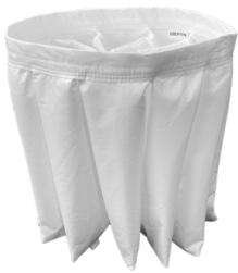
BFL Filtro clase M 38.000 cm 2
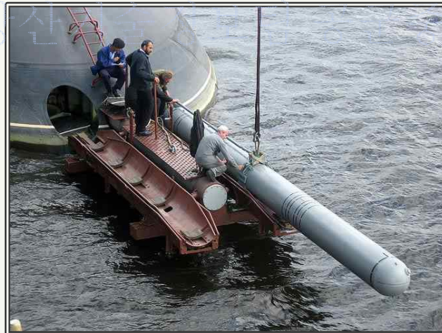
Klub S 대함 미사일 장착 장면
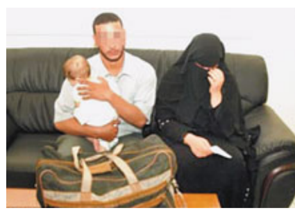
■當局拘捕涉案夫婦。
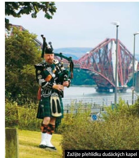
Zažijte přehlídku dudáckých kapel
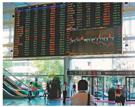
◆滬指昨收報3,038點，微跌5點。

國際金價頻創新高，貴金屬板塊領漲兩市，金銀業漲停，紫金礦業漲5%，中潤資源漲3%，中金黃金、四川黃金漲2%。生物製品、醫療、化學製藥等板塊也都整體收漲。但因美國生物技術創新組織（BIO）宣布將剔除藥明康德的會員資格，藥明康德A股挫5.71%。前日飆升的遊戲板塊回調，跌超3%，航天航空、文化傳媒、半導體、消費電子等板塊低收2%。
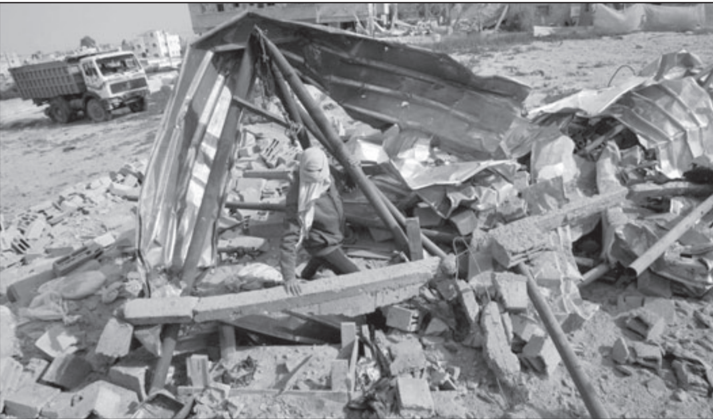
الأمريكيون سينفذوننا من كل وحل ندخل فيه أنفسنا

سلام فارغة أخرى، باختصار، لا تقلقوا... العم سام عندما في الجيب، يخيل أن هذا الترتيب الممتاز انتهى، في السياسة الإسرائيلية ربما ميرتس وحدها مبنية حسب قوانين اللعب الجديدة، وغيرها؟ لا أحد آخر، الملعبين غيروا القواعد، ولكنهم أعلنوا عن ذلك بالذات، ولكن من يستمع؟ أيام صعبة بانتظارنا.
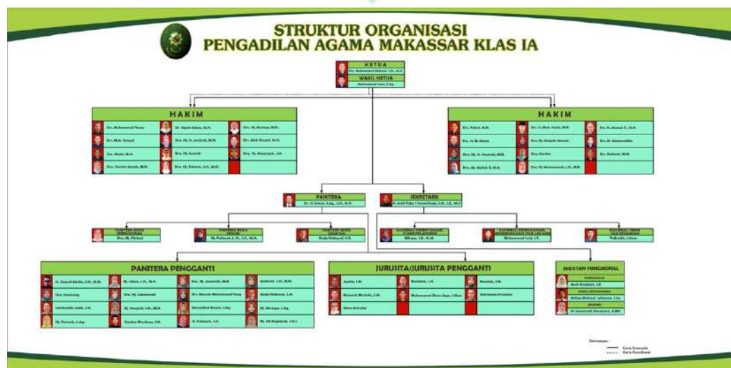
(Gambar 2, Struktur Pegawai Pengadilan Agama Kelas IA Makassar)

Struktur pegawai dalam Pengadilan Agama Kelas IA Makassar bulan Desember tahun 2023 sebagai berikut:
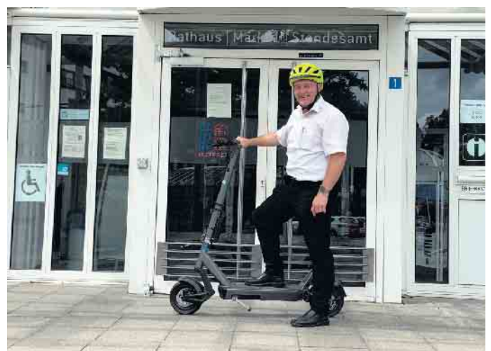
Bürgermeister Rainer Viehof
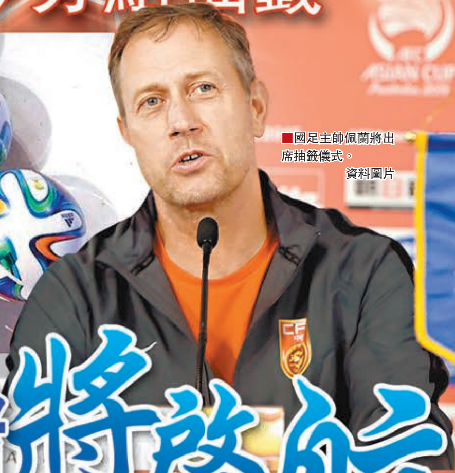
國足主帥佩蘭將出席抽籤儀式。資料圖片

==

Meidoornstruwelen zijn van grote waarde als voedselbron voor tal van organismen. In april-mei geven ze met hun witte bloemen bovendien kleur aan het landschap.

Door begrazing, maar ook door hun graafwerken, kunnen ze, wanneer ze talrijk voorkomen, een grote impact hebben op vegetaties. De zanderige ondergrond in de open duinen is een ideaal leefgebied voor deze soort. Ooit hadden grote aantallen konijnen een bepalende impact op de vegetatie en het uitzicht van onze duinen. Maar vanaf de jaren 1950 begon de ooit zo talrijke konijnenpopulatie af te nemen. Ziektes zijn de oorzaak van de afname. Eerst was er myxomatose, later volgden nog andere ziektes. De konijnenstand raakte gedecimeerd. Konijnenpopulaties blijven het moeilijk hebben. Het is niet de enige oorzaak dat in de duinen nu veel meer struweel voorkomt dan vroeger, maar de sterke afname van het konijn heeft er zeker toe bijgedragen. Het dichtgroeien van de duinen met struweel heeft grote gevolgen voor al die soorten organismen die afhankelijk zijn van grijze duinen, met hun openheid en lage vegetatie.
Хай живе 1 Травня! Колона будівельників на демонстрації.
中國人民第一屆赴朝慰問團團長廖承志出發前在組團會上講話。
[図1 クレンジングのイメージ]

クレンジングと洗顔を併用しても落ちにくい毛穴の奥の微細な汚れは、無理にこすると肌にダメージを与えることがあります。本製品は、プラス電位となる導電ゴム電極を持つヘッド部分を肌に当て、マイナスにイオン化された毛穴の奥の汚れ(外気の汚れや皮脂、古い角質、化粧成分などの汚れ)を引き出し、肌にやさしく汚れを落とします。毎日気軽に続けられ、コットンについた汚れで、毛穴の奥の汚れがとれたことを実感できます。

---

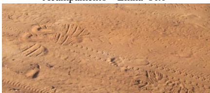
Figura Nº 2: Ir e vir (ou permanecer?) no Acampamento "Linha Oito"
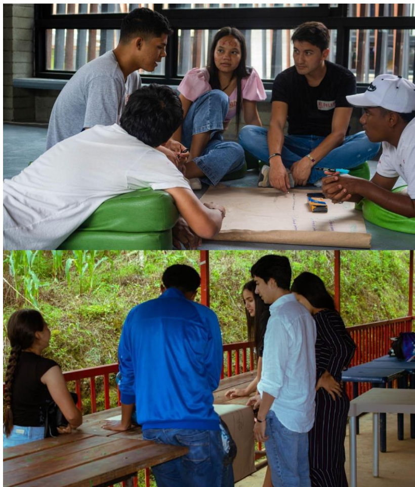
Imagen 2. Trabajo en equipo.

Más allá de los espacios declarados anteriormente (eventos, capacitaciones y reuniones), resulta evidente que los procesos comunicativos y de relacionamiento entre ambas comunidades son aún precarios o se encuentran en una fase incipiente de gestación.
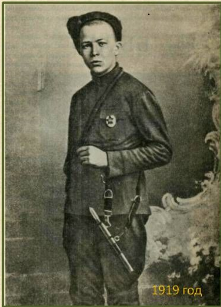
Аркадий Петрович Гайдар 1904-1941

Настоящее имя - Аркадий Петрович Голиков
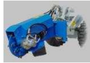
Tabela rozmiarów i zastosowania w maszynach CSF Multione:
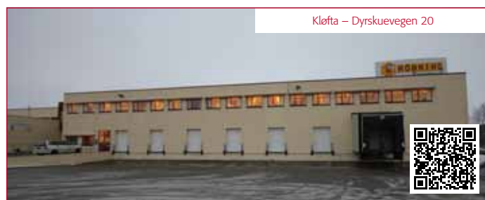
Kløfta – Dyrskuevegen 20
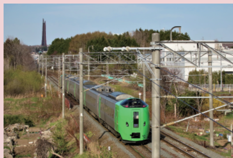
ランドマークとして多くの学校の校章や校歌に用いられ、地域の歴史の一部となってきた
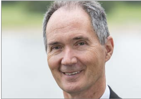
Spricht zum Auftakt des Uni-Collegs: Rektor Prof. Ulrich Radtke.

*Exercise aim:*
Using the records above, print exactly the lines between the ones containing "سلام فارغة أخرى،" and "國足主帥佩蘭將出席抽籤儀式。資料圖片", inclusive, and nothing else; no pictures.

*Solved exercise:*
سلام فارغة أخرى، باختصار، لا تقلقوا... العم سام عندما في الجيب، يخيل أن هذا الترتيب الممتاز انتهى، في السياسة الإسرائيلية ربما ميرتس وحدها مبنية حسب قوانين اللعب الجديدة، وغيرها؟ لا أحد آخر، الملعبين غيروا القواعد، ولكنهم أعلنوا عن ذلك بالذات، ولكن من يستمع؟ أيام صعبة بانتظارنا.
(Gambar 2, Struktur Pegawai Pengadilan Agama Kelas IA Makassar)

Struktur pegawai dalam Pengadilan Agama Kelas IA Makassar bulan Desember tahun 2023 sebagai berikut:
Bürgermeister Rainer Viehof
國足主帥佩蘭將出席抽籤儀式。資料圖片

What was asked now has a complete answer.